Vargas began his activities with the FARC in 1987 as an aide of the FARC's Secretariat and in 1989 military intelligence of the Colombian Army reported that Vargas was a guerrilla instructor in the Escuela Nacional de Cuadros de las FARC in Casa Verde. In 1991 Vargas was made guerrilla commander of the 22nd Front of the FARC-EP, part of the Eastern Bloc of that organization. He was also a member of the Estado Mayor, the FARC's operational leadership council.
The following year, in 1992 Vargas was sent to Vietnam to receive training in guerrilla tactics and ordnance and explosives training. Upon his return he was made commander of the 24th Front of the FARC-EP and commander of the Middle Magdalena region, guerrilla unit that operates in the southern region of Bolívar Department.

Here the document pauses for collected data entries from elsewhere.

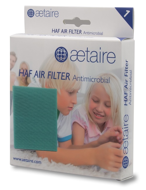 The air drawn in by the Aetaire first passes passes through the Aetaire High Air Flow (HAF) filter. This special filter contains an antimicrobial film layer that prevents the growth of various infectious substances on the filter. The antimicrobial media slows the rate at which the filter becomes clogged, thereby increasing its service life.
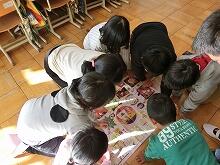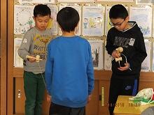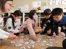 1月10日ロング昼休みに、ワールドグループ(異年齢集団)で、カルタ、だるま落とし、けん玉など、伝統的な遊びを行いました。活動の最後に、グループの人の良いところをカードに書いて気持ちを伝え合いました。
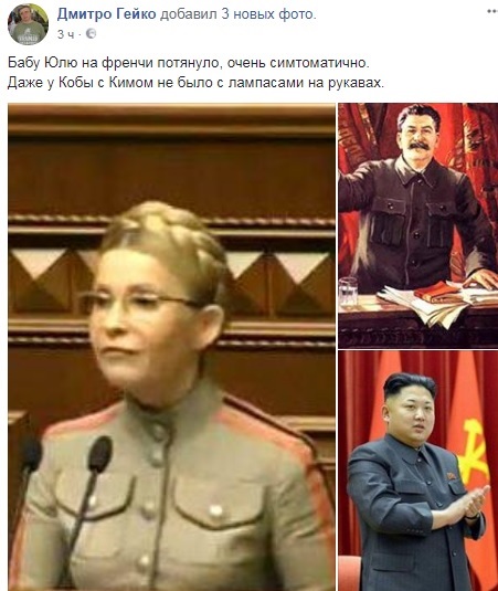 Комментаторы уже сравнивают костюм бывшего премьер-министра страны с френчами Иосифа Сталина и Ким Чен Ына: "Ну, как фюрер", "Готовится воевать за президентское кресло, униформу подготовила", "Боевая баба", "Плавно переходит на "адидасы", там тоже лампасы есть на штанах".
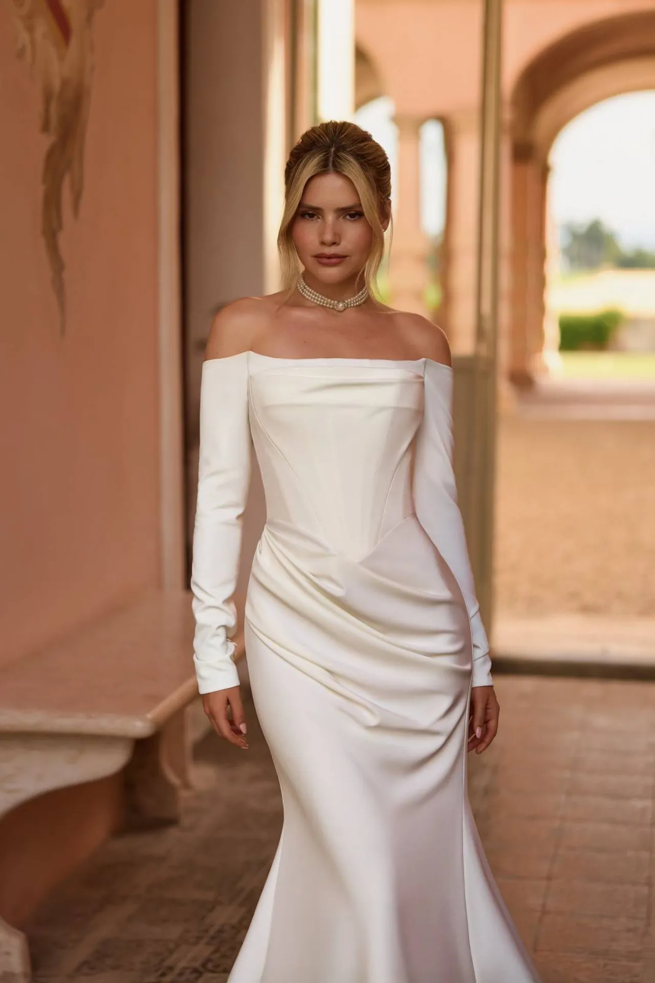 Le buste de la robe à un décollette en forme de coeur plongeant avec des manches longues recouverte d'une sublime dentelle fine.
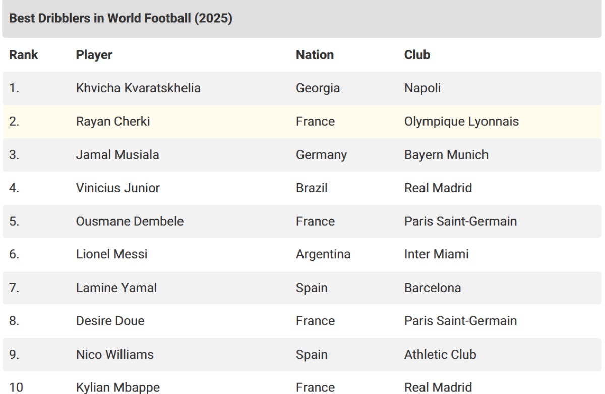 ბრიტანულმა გამოცემა Givemesport-მა მსოფლიოს საუკეთესო დრიბლიორები დაასახელა, სადაც პირველი ადგილი საქართველოს ნაკრებისა და "პარი სენ-ჟერმენის" შემტევმა ხვიჩა კვარაცხელიამ დაიკავა, მეორე ადგილზე რაიან შერკია, ხოლო მესამეზე ჯამალ მუსიალა გავიდა.
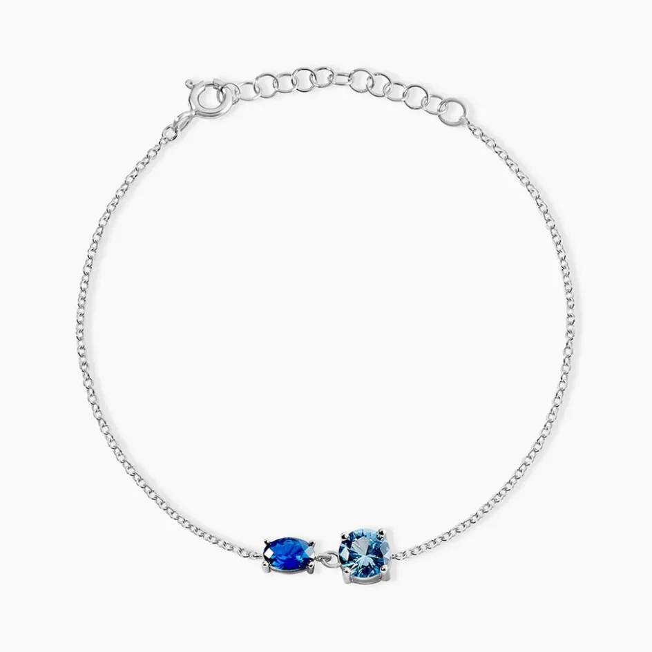 Bracelet Argent Blanc 925/1000 Serti Griffes Oxydes De Zirconium Bleu Clair Et Bleu Maille Forçat 19cm
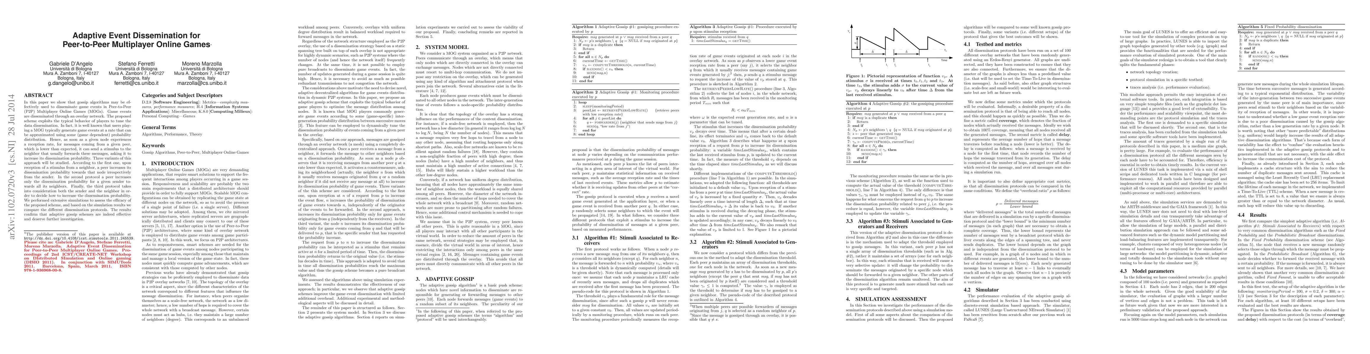 This paper proposes adaptive gossip algorithms to disseminate game events in P2P Multiplayer Online Games, leveraging player behavior to optimize data dissemination. Three dissemination protocols were studied and simulations confirmed the effectiveness of adaptive gossip schemes for event dissemination in P2P MOGs.
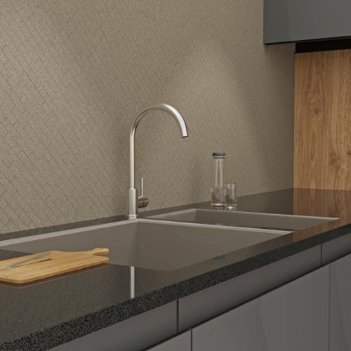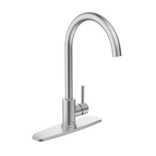 Sleek And Water-Efficient, This Stainless Steel Kitchen Faucet Features Single-Hole Installation • With A Swivel Spout And Forward-Rotating Lever Handle For Easy Use • Built With A Durable Stainless Steel Body. • It Delivers 5.7 L/Min (1.5 Gpm) At 60 Psi, Includes A Neoperl® Aerator, And Comes With Flexible Braided Connectors Plus A Cover Plate For 8” C/C Sinks. • Mfg #1000000716
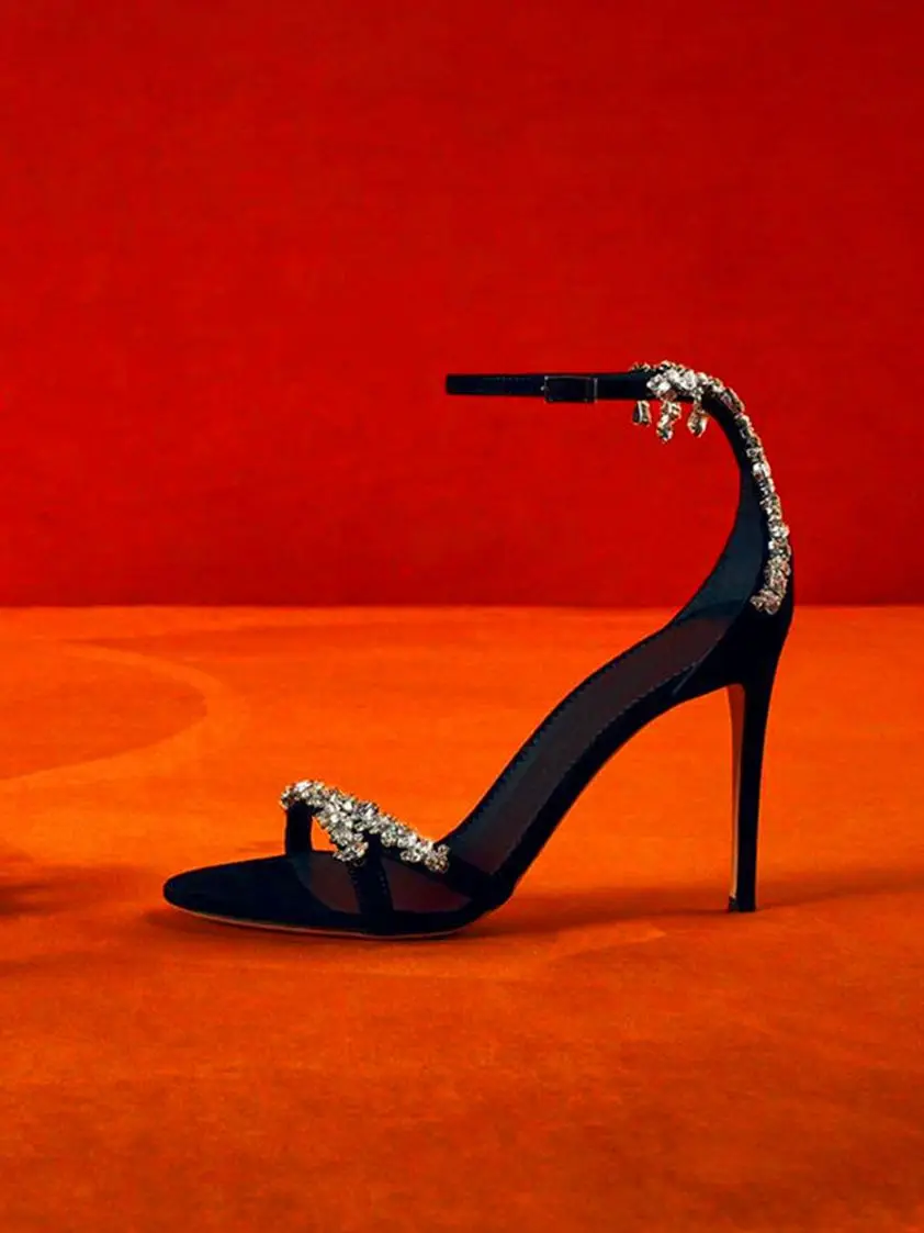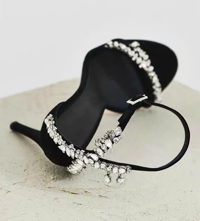 Rhinestone chain sandals women's European and American new black word buckle sexy high heels stiletto summer
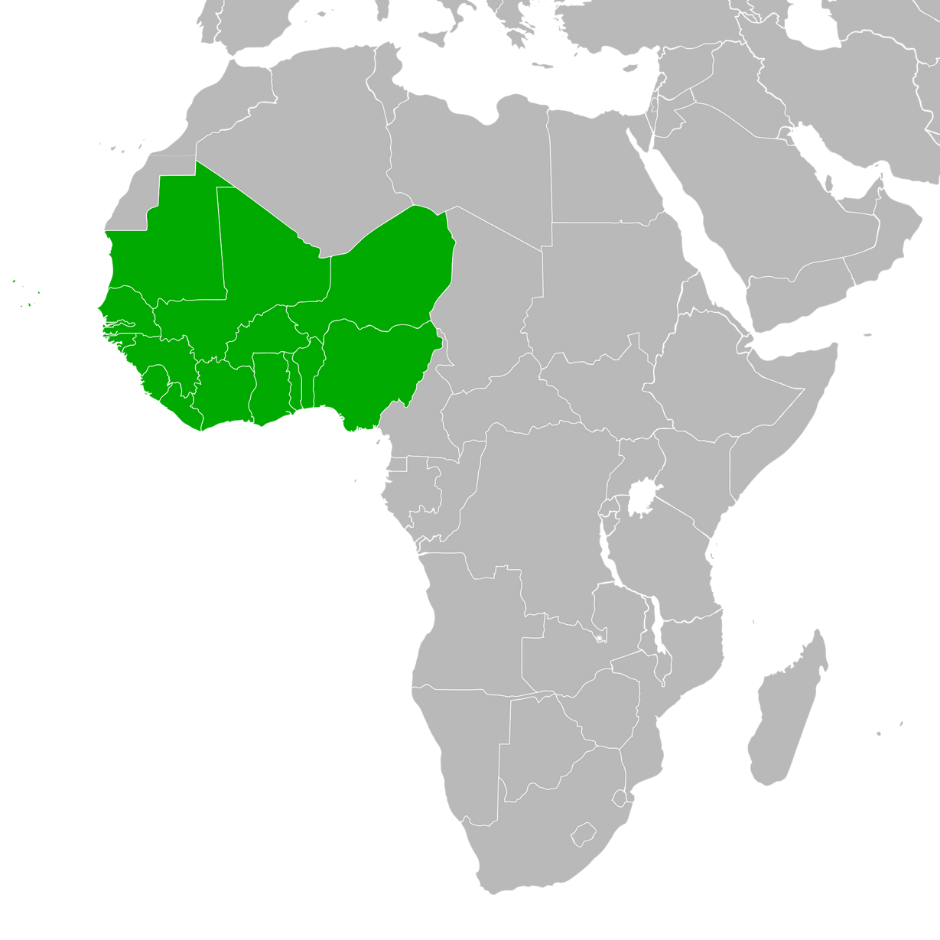 - Benin, Burkina Faso, Cabo Verde, Côte d'Ivoire, Gambia, Ghana, Guinea, Guinea-Bissau, Liberia, Mali, Mauritania, Niger, Nigeria, Senegal, Sierra Leo, Togo

According to the Colombian Army, Vargas had also received training in the former Soviet Union.
Vargas was extradited to the United States by the Government of Colombia charged with conspiracy to export illegal drugs from Colombia to the United States. In Colombia, the government charged him with rebellion, terrorism, conspiracy to export illegal drugs According to the United States Attorney General's Office Rodriguez Mendieta allegedly directed the purchase of hundreds of thousands of kilograms of cocaine paste and transmitted billions of Colombian pesos in cocaine proceeds to other FARC officials. Rodriguez Mendieta is also alleged to have ordered the murder of at least eight farmers, including several whom he personally dismembered alive, and to have plotted to retaliate against United States law enforcement officers who were conducting the narcotics-trafficking investigation Jorge Enrique Rodriguez Mendieta was arrested by Colombian authorities in late 2004 and extradited to the U.S. in November 2007. On December 16, 2009, he pleaded guilty in a Washington, D.C. federal court to conspiring to import large quantities of cocaine into the U.S. When submitting his guilty plea, Mendieta admitted that he had directed other FARC members to purchase hundreds of thousands of kilograms of cocaine paste, some of which was imported to the U.S. The U.S. government has also alleged that Mendieta plotted to retaliate against American law enforcement officers conducting the narcotics-trafficking investigation that ultimately led to the charges filed against him.